Paul Whitty (born 1970) is an England-based experimental composer and sound artist born in Northern Ireland.

Biography[edit]

Paul Whitty was born in Lisburn, Northern Ireland, in 1970 and is currently Professor of Composition at Oxford Brookes University.[1] He is a founder and director of the Sonic Art Research Unit (SARU). He studied with Roger Marsh, Magnus Lindberg, Colin Matthews, Vinko Globokar and Michael Finnissy.

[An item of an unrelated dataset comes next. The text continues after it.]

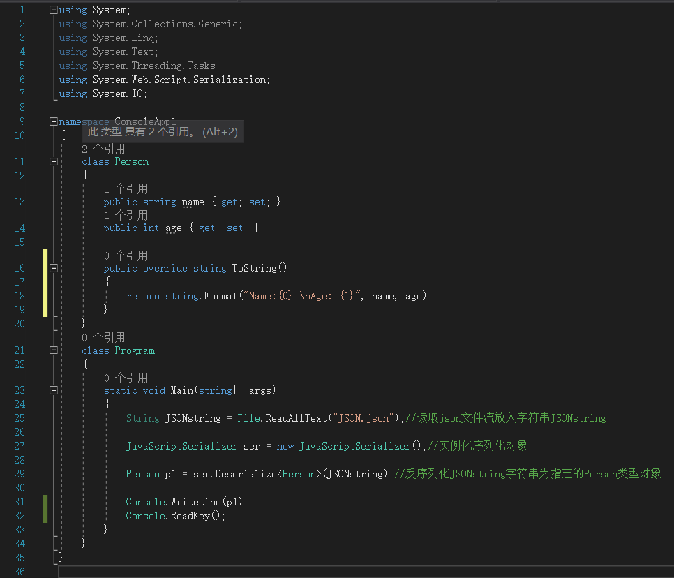 class Person { public string name { get; set; } public int age { get; set; } public override string ToString() { return string.Format("Name:{0} \nAge: {1}", name, age); } } class Program { static void Main(string[] args) { String JSONstring = File.ReadAllText("JSON.json");//读取json文件流放入字符串JSONstring JavaScriptSerializer ser = new JavaScriptSerializer();//实例化序列化对象 Person p1 = ser.Deserialize<Person>(JSONstring);//反序列化JSONstring字符串为指定的Person类型对象 Console.WriteLine(p1); Console.ReadKey(); } }

His work has been performed by the London Sinfonietta, Ensemble Expose, IXION, Michael Finnissy, [rout], Philip Howard, and Mieko Kanno amongst others, and his music has featured at festivals including Brighton, Ultima in Oslo, the Gaudeamus Music Week in Amsterdam, the Huddersfield Contemporary Music Festival, the 54th Venice Biennale[2] and at State Of The Nation in London. He has received awards, including from the Arts Council of England, AHRC, the Britten-Pears Foundation, and the British Council.

Paul Whitty is a founder, along with the composers Sam Hayden and Paul Newland, of the ensemble [rout], which has made concert tours in the UK, appearing on BBC Radio 3's contemporary music programme Hear and Now, on a BMIC Cutting Edge concert tour, at the ICA and at the Huddersfield Festival.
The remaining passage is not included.